A Case Study on Using Facebook to Find Job Applicants – CNS | Cooperative Network Services

A Case Study on Using Facebook to Find Job Applicants

Recruitment

Disclaimer – We are not Facebook or social media experts, but we wanted to share the outcomes of a recent campaign embarked on to find OSP Construction Inspectors for our open CNS positions.

Since we are a B2B-focused company, we’ve chosen to not use Facebook as a social media channel – until we decided to try it for recruitment.

Since we didn’t have a Facebook page, and thus not much of a presence, we weren’t sure what to expect, but we were generally happy with the results.

We put together a Facebook page, added some images and a few posts, then got to work with job posts and advertising.

We tested two approaches—both of which yielded responses (but differing results).

Note that both employment ads and boosted job posts automatically limit targeting based on geography only, without other demographic targeting options, to ensure equal employment laws are followed.

We ran two similar-but-different approaches—one as a boosted Job and another as a boosted Post with a spend of $500 per ad over a two-week period for each. So, after $1,000 spent, here’s how things shook out:

Posting as “job”

The main difference between a job post and an ad (or boosted post), is that job posts allow for users to apply right from the post.
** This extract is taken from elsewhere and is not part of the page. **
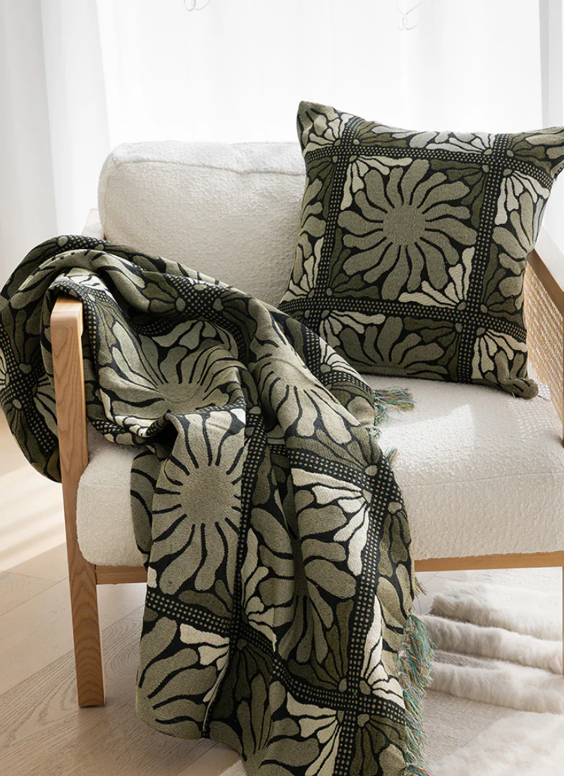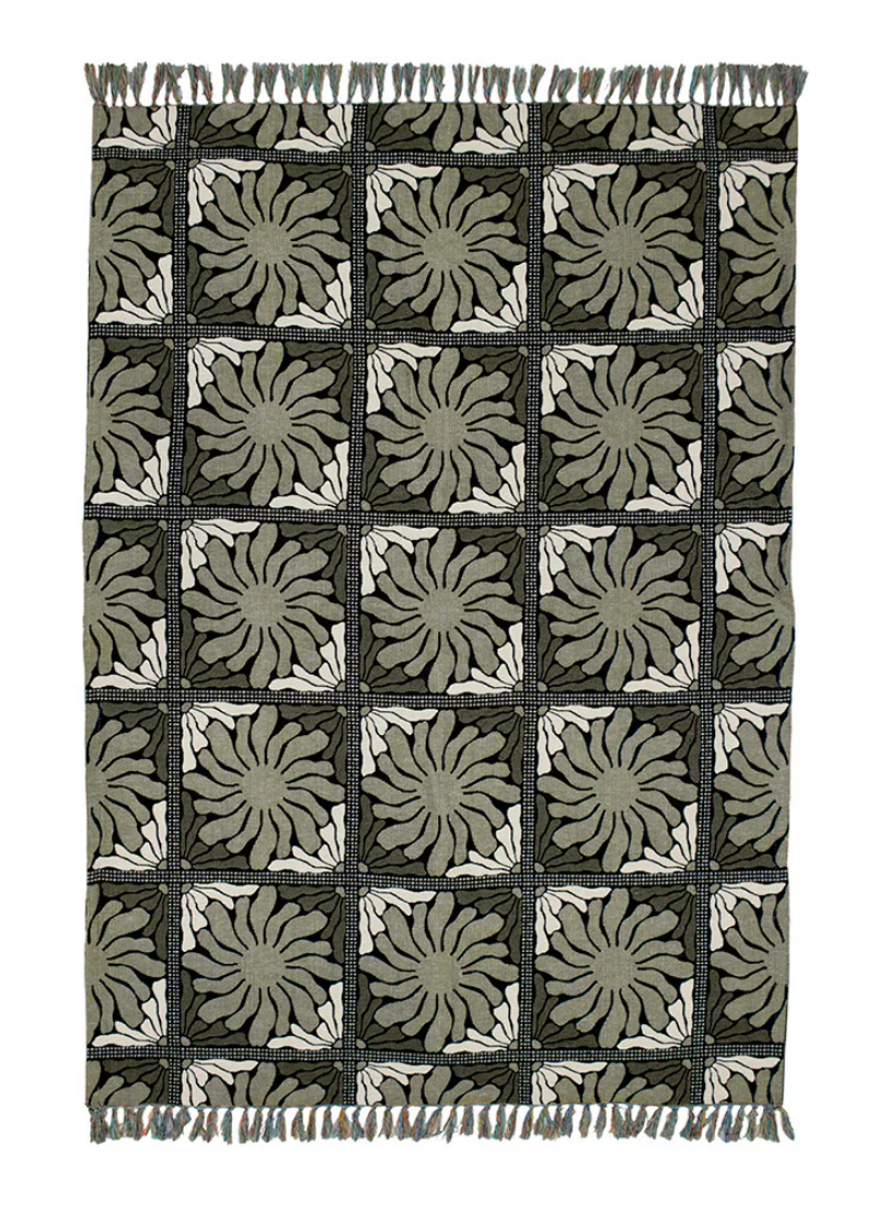 The Zinnia design features a large floral design. This multipurpose throw blanket can be used inside as a throw on the bed or couch, or as a picnic rug laid out on the grass or sand. It is made from a strong woven tapestry fabric that is comfortable to sit on, and easy to machine wash. A large portion of the fabric is made using recycled cotton, which is great for an eco-conscious shopper
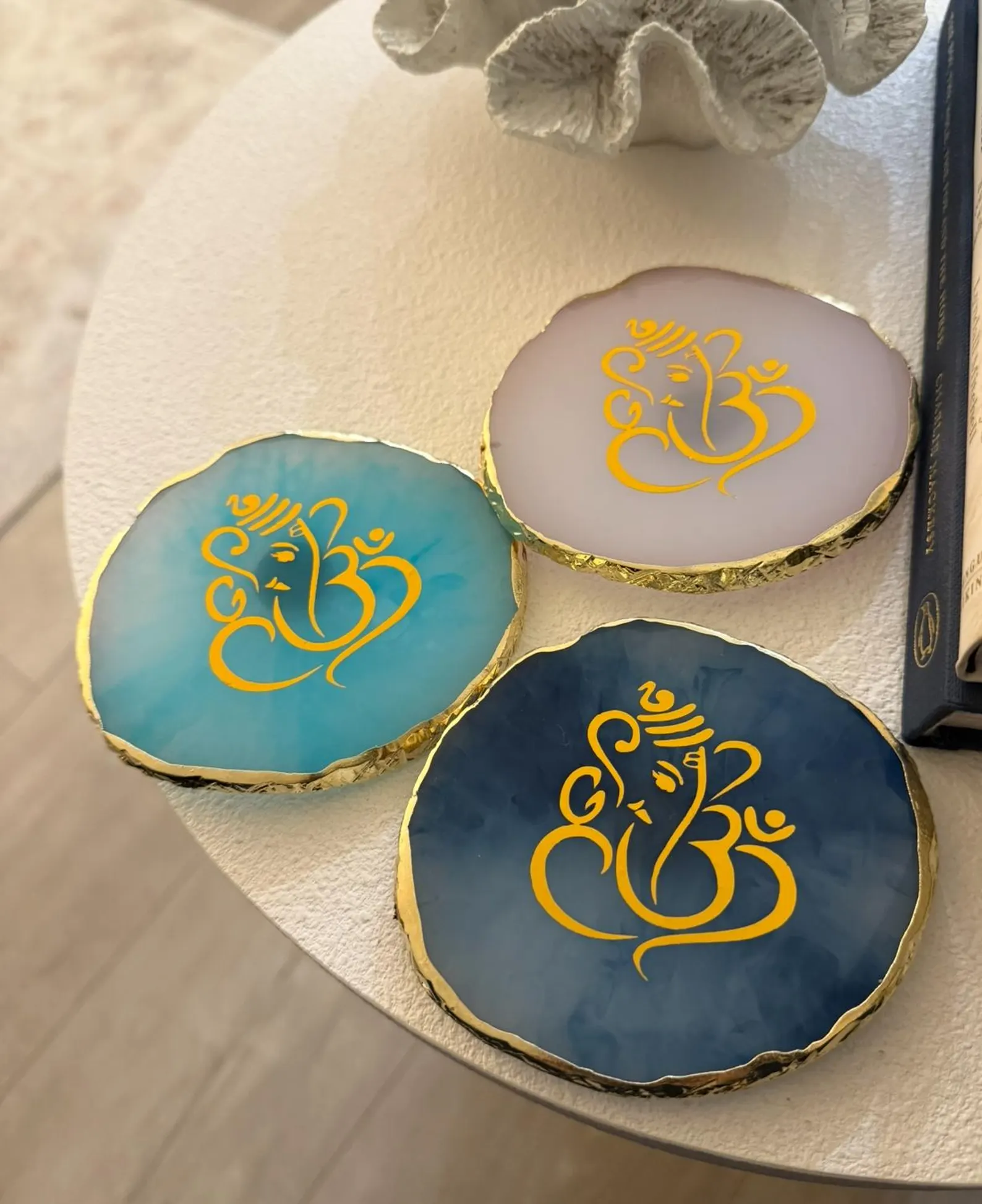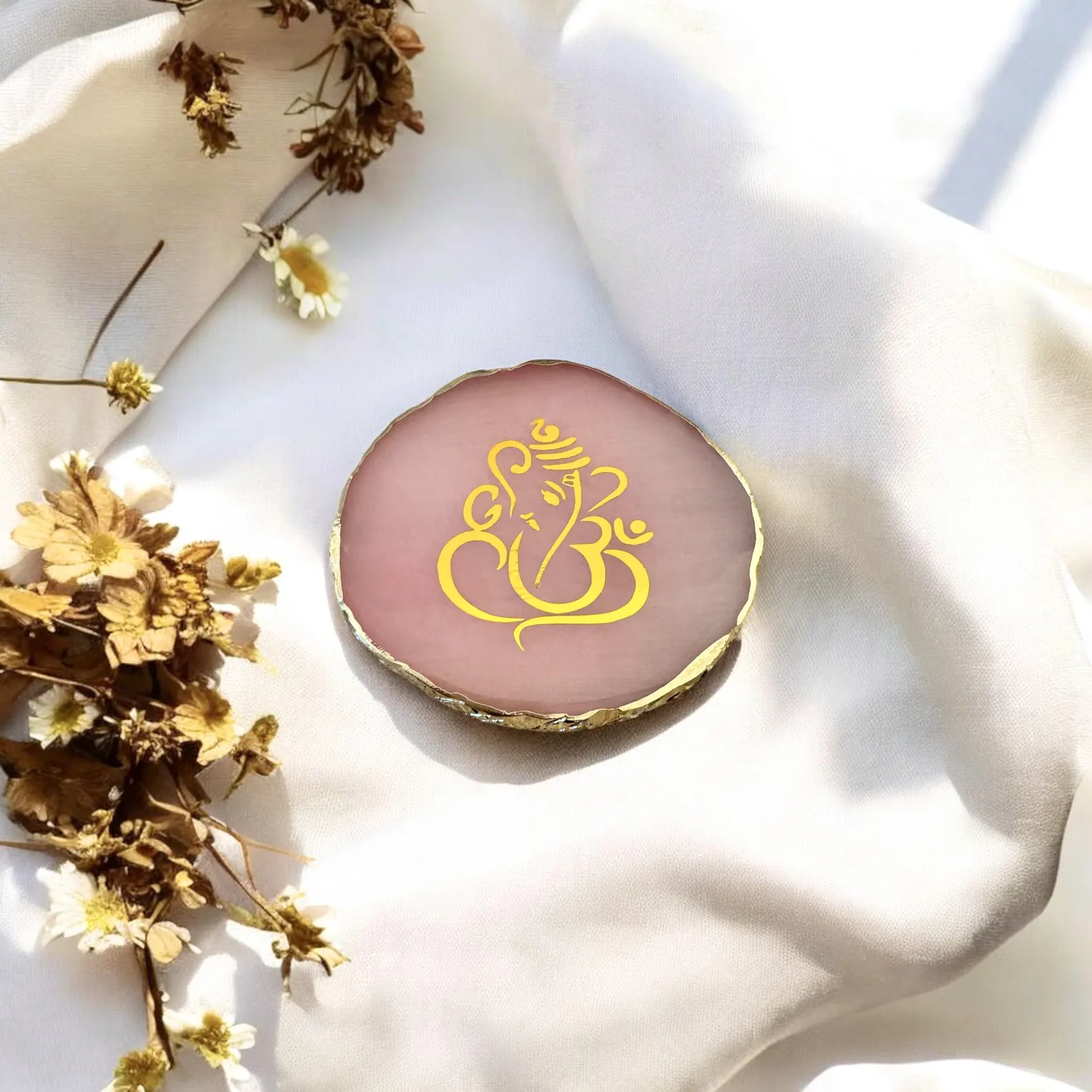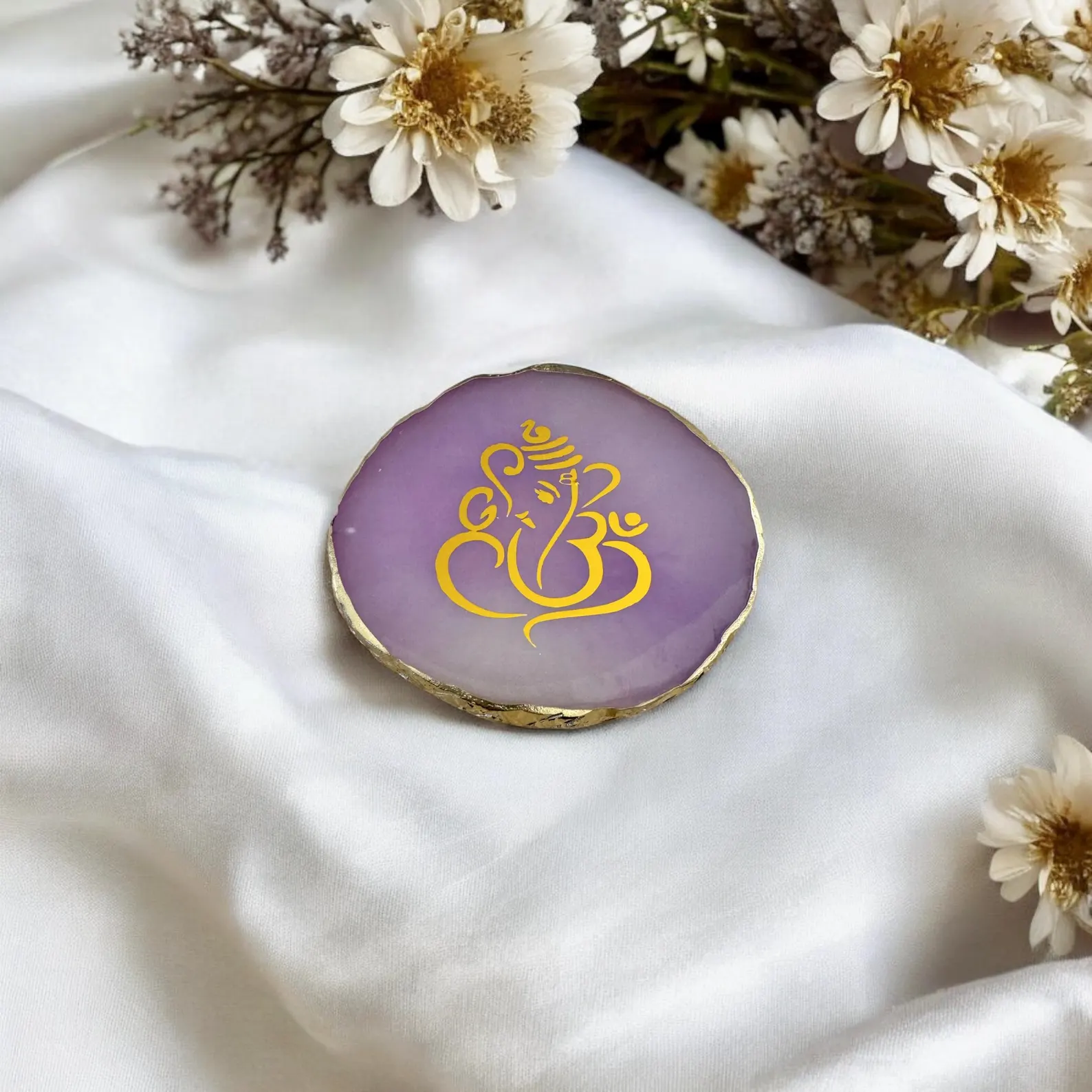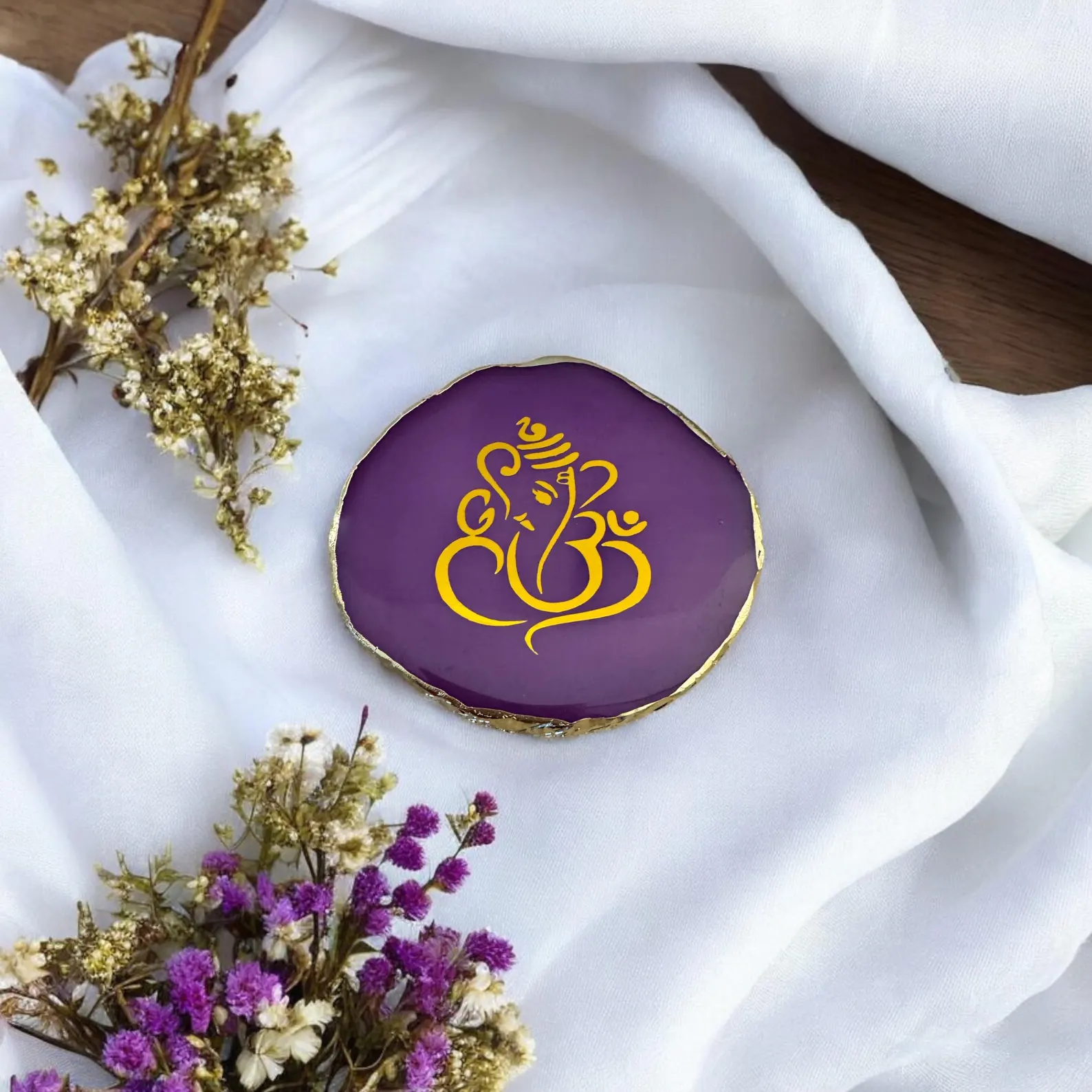 Bring elegance and spirituality to your celebrations with our custom Ganesh (Ganesha) agate slices. Featuring a beautiful gold design on a resin agate slice, these pieces make perfect home accents, meaningful gifts, or unique favors for special occasions. Each slice can be crafted with or without a magnet on the back, allowing versatile display on any surface. Available in pink, red, green, blue, white, and purple, these handcrafted creations add a divine and graceful touch to every celebration.

As you can imagine, this does increase the number of responses you get because it’s very easy for people to apply without much effort.

Overview:

Targeted geographic areas in North-Central MN – approximately a hundred-mile radius

  • Goal: collect applications using a wider net
  • $500 spent to boost the job posting
  • 12,129 users reached
  • 15 comments
  • 4 shares
  • 14 applications (a majority had related skills and experience)
  • 5 interviewed
  • 0 offers
  • 0 hired

Benefits of “Job” posting:

  • Easy for people to apply
  • Easy to manage applicants within the Facebook platform since it creates a nice list for you to review and then classify them red/yellow/green

Drawbacks of “Job” posting:

  • Too easy for people to apply without seemingly thoroughly understanding the role or being prepared to interview
  • Very few actually applied through the linked CNS website, which is the normal application method

Facebook hiring case study

Facebook hiring results

Creating a “boosted post”

As a boosted post, our goal was to get link clicks to the CNS website where the job description is listed and the online application form is located.

Overview:

  • Targeted geographic areas in North-Central MN – approximately 150-mile radius – slightly larger than initial job post boost
  • Goal: Link clicks
  • $500 spent over 10 days
  • 51,409 people reached total; 49,200 from ad boost – so ~2,000 people were reached by sharing of a post by CNS FB page followers (the CNS page increased from 0 to 27 followers in a few days, and many of them shared the posts)
  • 0 comments
  • 48 shares
  • 11-13 applications
  • 3 interviewed
  • 3 offers made
  • 2 hired

Summary

Ultimately, for a minimal level of effort and $1,000 investment, we saw approximately 25 applicants and successfully added two new hires to the team in a time when the traditional advertising methods were not moving the needle quickly enough as we ramp up for the busy CNS construction season.

Our testing was not thorough enough to determine the best images, language, or length to use, but obviously, you’ll want to make sure your imagery is likely to catch the eye of your target employee, and text is based on benefits. In other words, focus on what’s in it for the applicant (Hint: it’s not the dental insurance). Also, make sure you address a little about their growth and decision-making opportunities, and, of course, provide an example of how your team is great.